Alison M. Konrad e Vicki W. Kramer

A participação da mulher no conselho de administração de empresas do Fortune 500 não passa de cerca de 15% – uma representação baixa. Mas, fora a questão da igualdade, há motivos para uma empresa engrossar essa presença? Sem dúvida. Para avaliar o impacto de uma presença feminina maior na dinâmica do conselho fomos ouvir 50 conselheiras, 12 presidentes (nove deles homens) e sete secretários corporativos (um deles homem) em empresas do Fortune 1000. O trabalho, feito em parceria com Sumru Erkut, do Wellesley Centers for Women, revelou diferenças dramáticas entre conselhos com uma, duas ou no mínimo três conselheiras.

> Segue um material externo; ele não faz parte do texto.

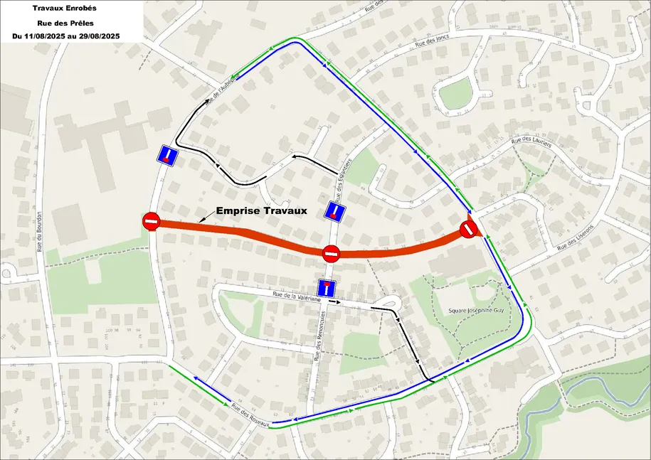 Du 11 au 29 août 2025, des travaux de réfection de la chaussée se déroulent rue des Prêles, entraînant des perturbations des conditions habituelles de circulation.

Segundo os entrevistados, a mulher dá três contribuições que o homem dificilmente dá: amplia a discussão do conselho para a inclusão dos interesses de um vasto leque de partes interessadas – incluindo funcionários, clientes e a sociedade em geral; pode ser mais insistente do que o homem na busca de respostas para questões difíceis (talvez porque, como disse um presidente, "o homem sente a obrigação (.) de agir como se entendesse tudo"); e tende a exibir um estilo de liderança mais colaborativo, o que melhora a comunicação entre os conselheiros e entre o conselho e a ala executiva da empresa.

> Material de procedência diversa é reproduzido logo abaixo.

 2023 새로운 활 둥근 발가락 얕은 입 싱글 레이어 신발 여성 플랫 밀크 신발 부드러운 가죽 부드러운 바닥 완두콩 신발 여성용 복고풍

Para que essa contribuição gere frutos, porém, o conselho precisa ter o número certo de mulheres. Uma só mulher em geral se sente isolada e marginalizada. Quando é eficaz, não é por ser a única mulher – mas apesar disso. Colocar uma segunda mulher no conselho ajuda a reduzir o senso de isolamento, mas nem sempre muda o quadro e pode criar empecilhos próprios. Duas mulheres podem ser vistas como um grupinho separado e talvez tenham de se cuidar para que não pareçam estar conspirando. Além disso, podem ser confundidas uma com a outra. Uma mulher nos relatou: "Durante uma reunião, levantei uma questão que levou o conselho a tomar certas medidas importantes. Mais tarde, o presidente do conselho agradeceu à outra mulher do grupo por ter abordado o tema. Ninguém abriu a boca para corrigi-lo".

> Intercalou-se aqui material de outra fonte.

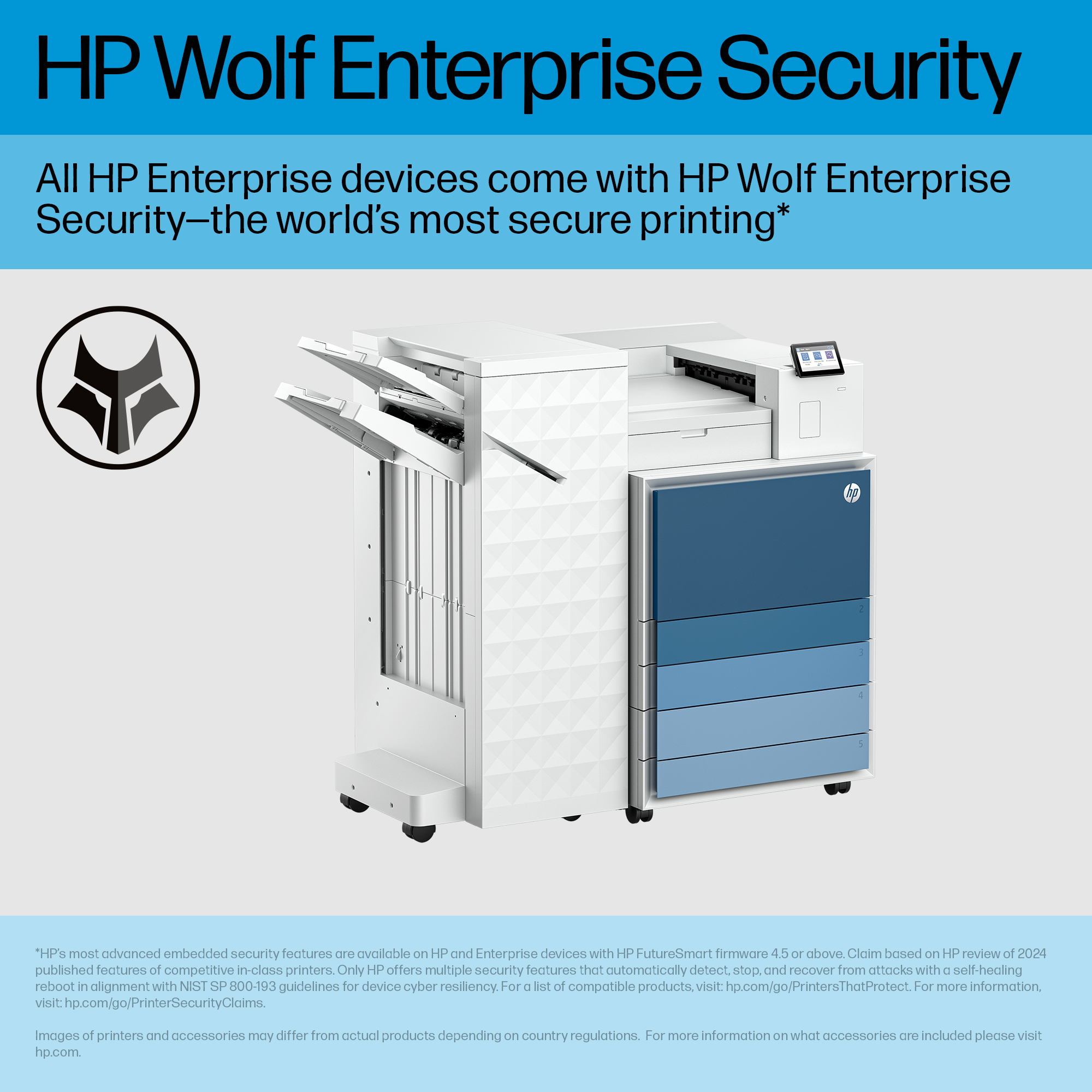 Your work is secure with HP Wolf Security[4], silently detecting and repairing your printer from cyber attacks.

Já quando o conselho tem três ou mais mulheres, há uma mudança clara. Com tal massa crítica, mostra a pesquisa, a mulher tende a ser vista por colegas não como uma "mulher no conselho", mas como um conselheiro qualquer, e não se sente isolada ou ignorada. Três mulheres ou mais podem, ainda, mudar a dinâmica de um conselho de porte médio. É como disse uma conselheira: "Acaba a batalha para se fazer ouvir. É uma dinâmica de apoio, menos combativa, mais colaborativa. O homem deixa de lado seu estilo normal, altamente agressivo".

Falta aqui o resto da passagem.